Listed in: First Year Seminar, as FYSE-110
Moodle site: Course (Login required)
Nicola M. Courtright (Section 01)
What is our place in nature? How do we feel about natural spaces we encountered growing up
and how do we view the environment of Amherst College and its setting in New England? How did people in the past think about nature and how did they change their environments as a consequence? Did different races experience and alter nature in different ways? How have the ideas and experiences of the past affected us today? And how do we imagine the future of the natural world? Has the current pandemic permanently changed how we think about nature?
This course will explore how our ideas of nature have changed over time. We will give particular attention to the ways we have recreated particular kinds of natural spaces and how we have depicted nature in images. We begin with walks in the nearby wildlife sanctuary, discussions of our past encounters with nature, a study of the Amherst Campus, and, while the weather is still warm, a hike or two. During these excursions we will discuss what we see, take visual notes on the landscape through drawing (no expertise necessary), and discuss and write about how our experience with the land might differ from how people experienced it in the past. We then will explore New England further, discuss ideas about wilderness in the United States, and look closely at American landscape painting. Where do our deeply held assumptions come from? To find out, we will look at poetry, philosophy, Western painting traditions, and scientific illustration.
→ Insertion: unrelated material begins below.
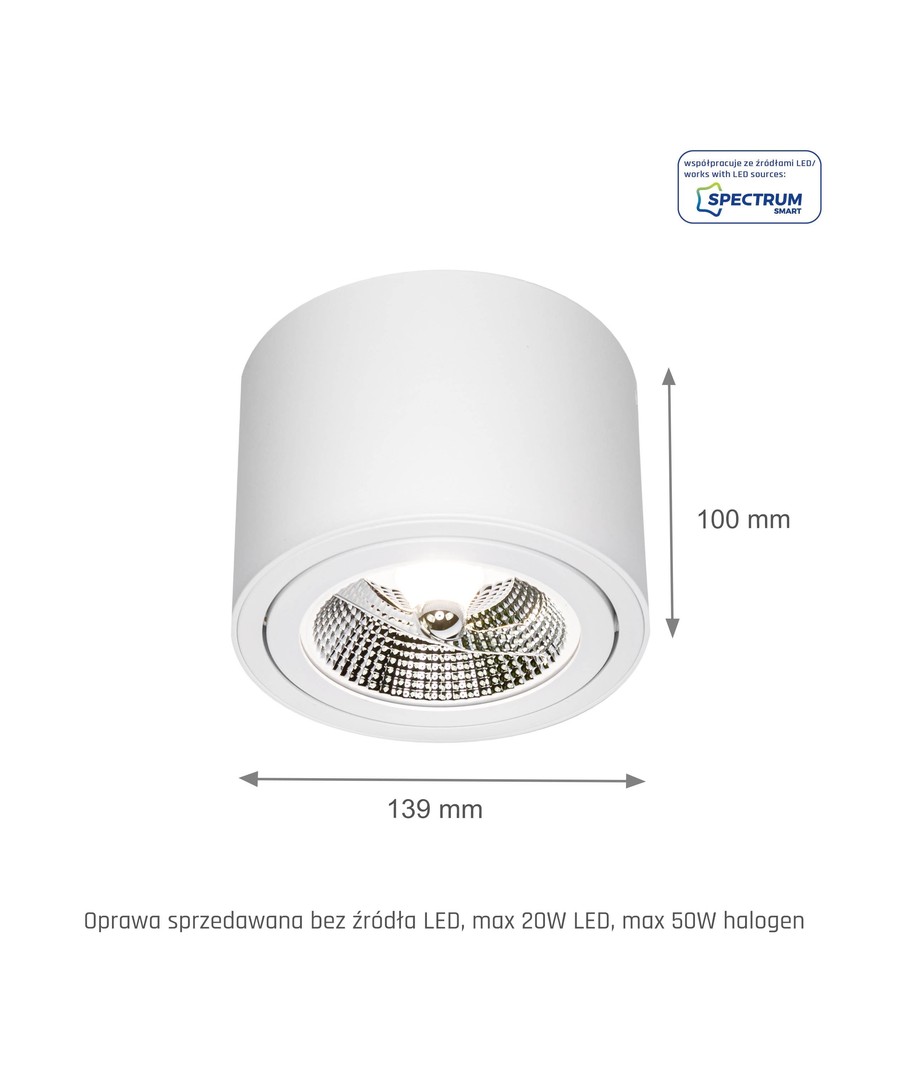 CHLOE AR111 har et rundt, hvidt design, der ubesværet blender ind med enhver indretning. Lampens minimalistiske udtryk passer perfekt til både moderne og klassiske hjemmemiljøer. Dens justerbare funktion gør det muligt at rette lyset præcis der, hvor du har brug for det, hvilket sikrer optimal belysning af dine rum.

We also will think about why people collect and draw natural specimens, and how they mapped their environments from the Renaissance through the Aztec empire to the current day.
The course will provide an introduction to liberal studies by helping students learn how to read and comprehend complex texts and images, respond to them in sophisticated ways, and engage in critical reasoning. We expect students to be active participants in class discussions. Students will write brief abstracts every week about the readings and every other week or so perform close readings of texts, art, maps, and even gardens and landscapes.
In-person teaching in tent until bad weather, then class in classroom and teacher remote.
Office hours outdoors and remotely.
Visits to Mead Art Museum when possible.
Options for online-only participation will be available for those students unable to be present in person.